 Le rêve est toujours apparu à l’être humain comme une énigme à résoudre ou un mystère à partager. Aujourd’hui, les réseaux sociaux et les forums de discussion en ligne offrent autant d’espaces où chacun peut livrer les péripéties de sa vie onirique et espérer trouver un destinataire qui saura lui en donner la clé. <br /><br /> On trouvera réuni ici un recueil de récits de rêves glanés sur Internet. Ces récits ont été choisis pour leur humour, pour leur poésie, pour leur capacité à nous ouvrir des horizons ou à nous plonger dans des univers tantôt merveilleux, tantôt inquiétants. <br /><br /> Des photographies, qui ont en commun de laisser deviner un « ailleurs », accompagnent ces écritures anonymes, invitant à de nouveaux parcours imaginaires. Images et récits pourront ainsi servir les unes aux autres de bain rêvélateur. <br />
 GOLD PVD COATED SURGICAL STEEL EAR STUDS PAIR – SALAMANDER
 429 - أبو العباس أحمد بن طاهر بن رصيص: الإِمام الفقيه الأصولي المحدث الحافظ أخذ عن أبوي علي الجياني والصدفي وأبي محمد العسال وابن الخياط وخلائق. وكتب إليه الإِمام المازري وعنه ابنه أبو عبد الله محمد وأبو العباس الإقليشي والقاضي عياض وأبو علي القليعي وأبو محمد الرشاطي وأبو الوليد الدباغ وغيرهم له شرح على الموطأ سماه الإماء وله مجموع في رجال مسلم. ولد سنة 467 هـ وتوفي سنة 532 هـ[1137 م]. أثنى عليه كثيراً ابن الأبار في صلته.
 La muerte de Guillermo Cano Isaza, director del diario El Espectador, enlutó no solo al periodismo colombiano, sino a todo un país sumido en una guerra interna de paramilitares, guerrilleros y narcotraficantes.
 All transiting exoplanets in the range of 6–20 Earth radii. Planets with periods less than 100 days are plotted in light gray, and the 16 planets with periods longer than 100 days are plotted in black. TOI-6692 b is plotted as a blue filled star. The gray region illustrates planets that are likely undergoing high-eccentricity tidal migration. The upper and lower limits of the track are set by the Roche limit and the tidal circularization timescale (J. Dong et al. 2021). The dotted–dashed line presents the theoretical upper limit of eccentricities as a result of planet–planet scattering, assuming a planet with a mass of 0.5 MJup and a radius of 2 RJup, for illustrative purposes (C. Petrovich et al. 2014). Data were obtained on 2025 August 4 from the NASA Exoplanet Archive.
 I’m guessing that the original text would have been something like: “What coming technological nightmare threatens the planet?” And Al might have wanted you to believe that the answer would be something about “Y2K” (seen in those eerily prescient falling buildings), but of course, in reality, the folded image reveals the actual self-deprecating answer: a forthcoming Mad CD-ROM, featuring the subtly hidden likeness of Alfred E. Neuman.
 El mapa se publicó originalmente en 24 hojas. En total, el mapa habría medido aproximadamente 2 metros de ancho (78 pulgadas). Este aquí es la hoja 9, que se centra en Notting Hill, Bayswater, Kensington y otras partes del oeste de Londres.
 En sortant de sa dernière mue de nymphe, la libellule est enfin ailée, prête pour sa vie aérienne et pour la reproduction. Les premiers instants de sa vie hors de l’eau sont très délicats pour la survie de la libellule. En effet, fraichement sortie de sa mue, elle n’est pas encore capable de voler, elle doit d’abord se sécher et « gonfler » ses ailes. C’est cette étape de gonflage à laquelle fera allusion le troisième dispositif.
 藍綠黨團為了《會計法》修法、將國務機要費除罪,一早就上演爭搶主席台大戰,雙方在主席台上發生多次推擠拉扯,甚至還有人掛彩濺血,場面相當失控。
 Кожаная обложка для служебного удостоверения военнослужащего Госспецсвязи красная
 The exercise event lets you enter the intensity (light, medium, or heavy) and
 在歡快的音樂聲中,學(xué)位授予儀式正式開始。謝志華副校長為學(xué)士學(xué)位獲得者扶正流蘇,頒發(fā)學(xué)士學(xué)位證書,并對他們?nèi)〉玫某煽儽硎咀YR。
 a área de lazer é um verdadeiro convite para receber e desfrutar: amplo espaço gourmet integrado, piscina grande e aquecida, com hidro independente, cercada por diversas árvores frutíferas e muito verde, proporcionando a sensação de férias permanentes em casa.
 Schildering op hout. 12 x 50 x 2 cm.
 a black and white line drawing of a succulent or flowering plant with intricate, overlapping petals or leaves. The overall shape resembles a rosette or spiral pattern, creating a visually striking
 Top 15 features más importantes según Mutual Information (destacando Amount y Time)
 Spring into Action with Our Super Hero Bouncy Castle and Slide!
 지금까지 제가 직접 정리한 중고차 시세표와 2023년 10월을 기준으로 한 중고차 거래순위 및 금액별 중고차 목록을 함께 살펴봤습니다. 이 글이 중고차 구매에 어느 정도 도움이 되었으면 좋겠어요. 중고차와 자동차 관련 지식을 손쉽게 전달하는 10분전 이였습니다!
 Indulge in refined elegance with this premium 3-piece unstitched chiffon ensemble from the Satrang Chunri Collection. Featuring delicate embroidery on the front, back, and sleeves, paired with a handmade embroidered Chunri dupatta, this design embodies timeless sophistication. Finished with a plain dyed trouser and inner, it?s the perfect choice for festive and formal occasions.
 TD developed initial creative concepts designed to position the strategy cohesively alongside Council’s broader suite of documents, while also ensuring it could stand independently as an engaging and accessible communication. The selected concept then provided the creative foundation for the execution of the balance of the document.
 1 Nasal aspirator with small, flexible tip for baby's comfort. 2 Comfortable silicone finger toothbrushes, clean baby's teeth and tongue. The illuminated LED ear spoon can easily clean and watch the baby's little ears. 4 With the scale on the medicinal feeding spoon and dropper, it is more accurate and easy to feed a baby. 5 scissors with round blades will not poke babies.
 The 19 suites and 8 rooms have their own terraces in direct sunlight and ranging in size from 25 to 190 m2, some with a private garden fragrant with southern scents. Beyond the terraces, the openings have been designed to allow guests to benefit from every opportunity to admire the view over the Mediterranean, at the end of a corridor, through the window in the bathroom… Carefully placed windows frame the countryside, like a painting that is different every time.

PROBLEM TO SOLVE
All that is wanted is a faithful reproduction of the line above with "a black and", the line with "지금까지 제가 직접 정리한", and every line in between.

EXERCISE RESULT
 a black and white line drawing of a succulent or flowering plant with intricate, overlapping petals or leaves. The overall shape resembles a rosette or spiral pattern, creating a visually striking
 Top 15 features más importantes según Mutual Information (destacando Amount y Time)
 Spring into Action with Our Super Hero Bouncy Castle and Slide!
 지금까지 제가 직접 정리한 중고차 시세표와 2023년 10월을 기준으로 한 중고차 거래순위 및 금액별 중고차 목록을 함께 살펴봤습니다. 이 글이 중고차 구매에 어느 정도 도움이 되었으면 좋겠어요. 중고차와 자동차 관련 지식을 손쉽게 전달하는 10분전 이였습니다!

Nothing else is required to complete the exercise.